Telling the patient, "You don't deserve to be abused!" can make a huge difference in her life.

If the patient is willing to talk with a health care worker, it is advisable for the worker to conduct safety planning with her, or to call in social workers or local domestic violence advocates to do this. This would include discussing a safe place to stay, restraining orders, legal help, counseling or support groups, financial help, etc. Other resources which doctors may be able to access for patients may include home visitation and public health nursing.

If the patient says she or he has not been abused, but a health care worker sees indicia of abuse, a health care worker may say, "I understand you may not want to talk to me about this, but usually if I see injuries like yours, it's because someone is being hurt by their partner. I want to give you this safety plan and hotline number."
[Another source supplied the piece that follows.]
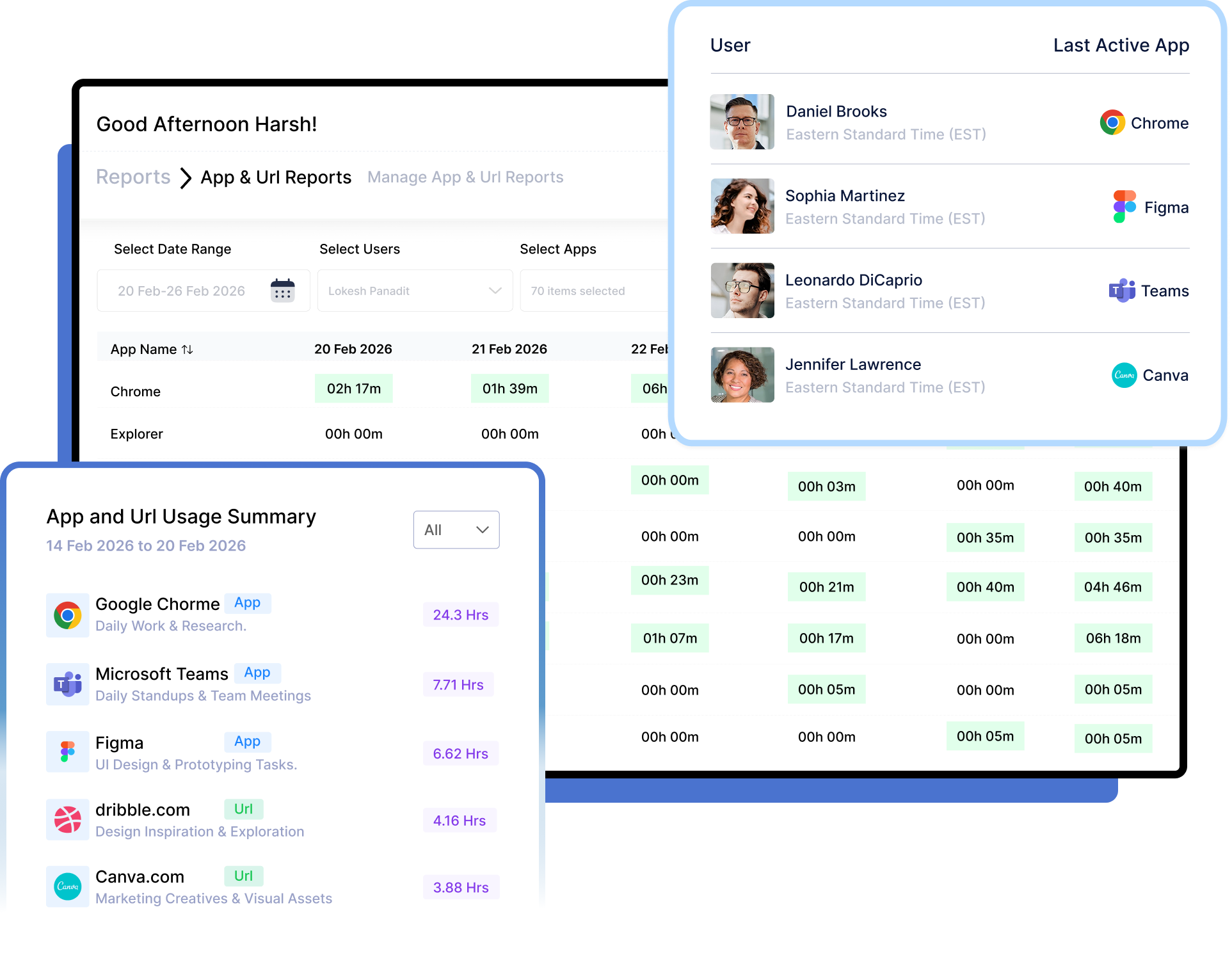 Understanding productivity starts with visibility. Without app-level insights, managers are left relying on assumptions instead of data. Our platform gives you a complete breakdown of how your team spends time across applications like Chrome, Teams, Figma, and more.

If domestic violence is suspected or confirmed, the issue arises whether the doctor should report it to the police. In some states, this is mandated. In others, reports are made only for statistical purposes or are made to a social services agency. The issue of mandatory reporting is very controversial among health care professionals. Proponents argue that such reports can help stop the domestic violence by bringing it to the attention of the criminal justice system. Opponents point out that there may be severe consequences if the batterer finds out about the report, such as retaliation against the victim or refusal to allow the victim to go back to the doctor the next time she has injuries.

Reports to law enforcement may also trigger responses from the child welfare system, with the mother charged with "failure to protect" the children. It is critical to link intervention for domestic violence and child abuse, so that both the adult and child victims receive the help they need, rather than being further victimized.

Dealing with patients who have domestic violence issues can feel overwhelming at times. Medical workers can make a significant difference in stopping this epidemic. Many battered women will not call the police or a shelter or seek a restraining order. A non-judgmental response by health care workers can make a difference in terms of the patient's willingness to seek other types of help, or to come back for help in the future even if she is not now ready to leave her partner. But whether or not the patient decides to leave the abuser and is successful in accomplishing this, bringing up the topic of domestic violence, documenting injuries, telling the patient she does not deserve this, and giving out referrals and safety information may save a patient's life, or the life of her child.